Given material START
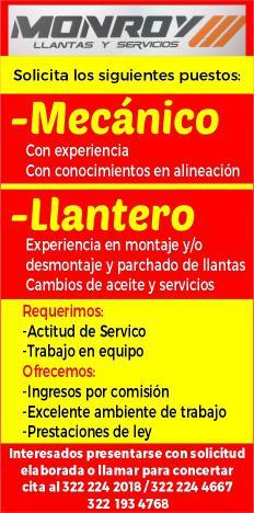 Solicito mecánico con experiencia y con conocimientos en alineación, con actitud de servicio y trabajo en equipo, prestaciones de ley. Inf. 322 22 420-18.+
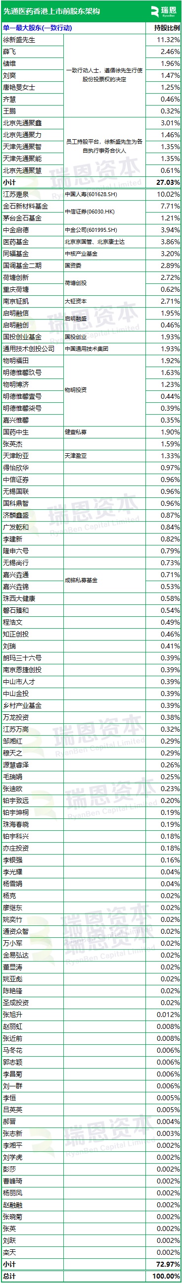 招股书显示,先通医药在香港上市前的股东架构中,
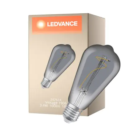 La Ledvance LED Vintage 1906 E27 Edison Filamento Smokey 3.4W 100lm - 818 Bianco Molto Caldo è la perfetta sostituzione per la tua lampada convenzionale 10W con attacco E27 grazie alla sua tecnologia LED. Passare a LED ti offrirà tanti vantaggi!
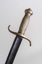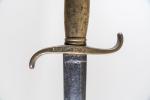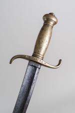 SABRE composite reprenant la garde d'un GLAIVE d'infanterie prussien modèle 1849. Poignée en laiton à pommeau ovale, fusée striée d'un côté et lisse de l'autre, quillons contrariés en S.
Given material END
▶ Exercise aim: Please write out all the data word for word, but keep every picture out.

▶ Result for this task:
 Solicito mecánico con experiencia y con conocimientos en alineación, con actitud de servicio y trabajo en equipo, prestaciones de ley. Inf. 322 22 420-18.+
 招股书显示,先通医药在香港上市前的股东架构中,
 La Ledvance LED Vintage 1906 E27 Edison Filamento Smokey 3.4W 100lm - 818 Bianco Molto Caldo è la perfetta sostituzione per la tua lampada convenzionale 10W con attacco E27 grazie alla sua tecnologia LED. Passare a LED ti offrirà tanti vantaggi!
 SABRE composite reprenant la garde d'un GLAIVE d'infanterie prussien modèle 1849. Poignée en laiton à pommeau ovale, fusée striée d'un côté et lisse de l'autre, quillons contrariés en S.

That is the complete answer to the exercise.